670487f2-a9f9-4fd8-a6f4-06d2c73fb047::DEBUG::2011-07-16 19:16:08,927::persistentDict::204::Storage.PersistentDict::(refresh) read lines (FileMetadataRW)=['CLASS=Data', 'DESCRIPTION=Migrations_DD', 'IOOPTIMEOUTSEC=10', 'LEASERETRIES=3', 'LEASETIMESEC=60', 'LOCKPOLICY=', 'LOCKRENEWALINTERVALSEC=5', 'MASTER_VERSION=1', 'POOL_DESCRIPTION=Migrations_DC', 'POOL_DOMAINS=48dd9530-0fa4-41f0-9d93-34fa503e4554:Active', 'POOL_SPM_ID=-1', 'POOL_SPM_LVER=0', 'POOL_UUID=e8369b94-71a7-4c64-b430-4e1c8b7081a1', 'REMOTE_PATH=10.34.63.204:/mnt/export/nfs/10/nfs02', 'ROLE=Master', 'SDUUID=48dd9530-0fa4-41f0-9d93-34fa503e4554', 'TYPE=NFS', 'VERSION=0', '_SHA_CKSUM=918203fcfe3f66d4358963add586763899489d0f']

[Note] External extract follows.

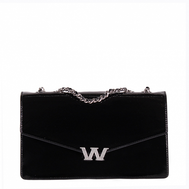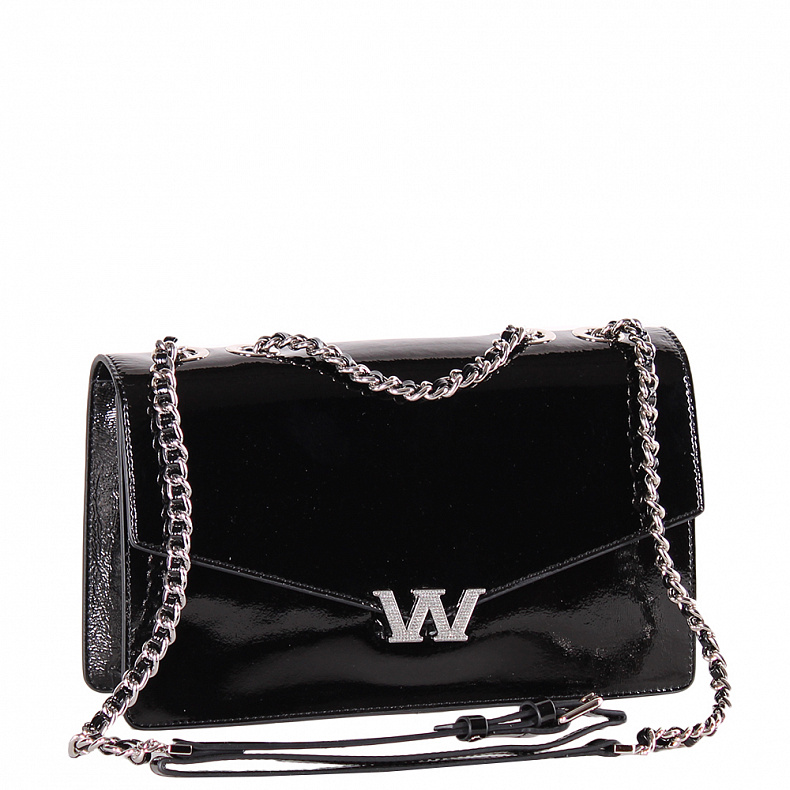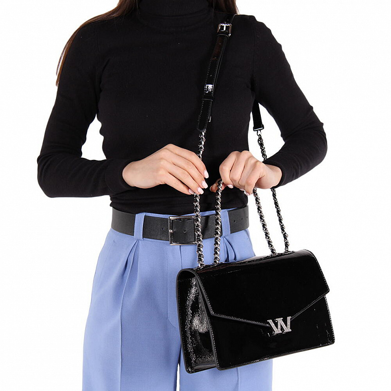 Модель на цепочке из лаковой кожи.

670487f2-a9f9-4fd8-a6f4-06d2c73fb047::DEBUG::2011-07-16 19:16:08,929::safelease::61::Storage.Misc.excCmd::(acquire) '/usr/bin/sudo -n /usr/bin/setsid /usr/bin/ionice -c1 -n0 /bin/su vdsm -s /bin/sh -c "/usr/libexec/vdsm/spmprotect.sh start 48dd9530-0fa4-41f0-9d93-34fa503e4554 1 5 /rhev/data-center/mnt/10.34.63.204:_mnt_export_nfs_10_nfs02/48dd9530-0fa4-41f0-9d93-34fa503e4554/dom_md/leases 60000 10000 3"' (cwd /usr/libexec/vdsm/)

Comment 5 Federico Simoncelli 2011-07-18 09:15:03 UTC
Created attachment 513584 [details]
spm-lock.log.xz

The spm log might have interesting information:

[2011-07-16 19:14:14] Trying to acquire lease - spUUID=48dd9530-0fa4-41f0-9d93-34fa503e4554 lease_file=/rhev/data-center/mnt/10.34.63.204:_mnt_export_nfs_10_nfs02/48dd9530-0fa4-41f0-9d93-34fa503e4554/dom_md/leases id=1000 lease_time_ms=60000 io_op_to_ms=10000
[...]
[2011-07-16 19:14:34] Stopping lease for pool: 48dd9530-0fa4-41f0-9d93-34fa503e4554 pgrps: -2981
[...]
[2011-07-16 19:19:22] Acquire failed for spUUID=48dd9530-0fa4-41f0-9d93-34fa503e4554 id=1 lease_path=/rhev/data-center/mnt/10.34.63.204:_mnt_export_nfs_10_nfs02/48dd9530-0fa4-41f0-9d93-34fa503e4554/dom_md/leases

Comment 7 Jaroslav Henner 2011-07-18 17:34:57 UTC
Added #722417 to see also, because it may be related.

Comment 8 Federico Simoncelli 2011-07-22 16:54:24 UTC
The bug didn't reproduce again and according to what I found in the logs the issue might have been temporary, eg: storage issue.
Please re-open when you have more information.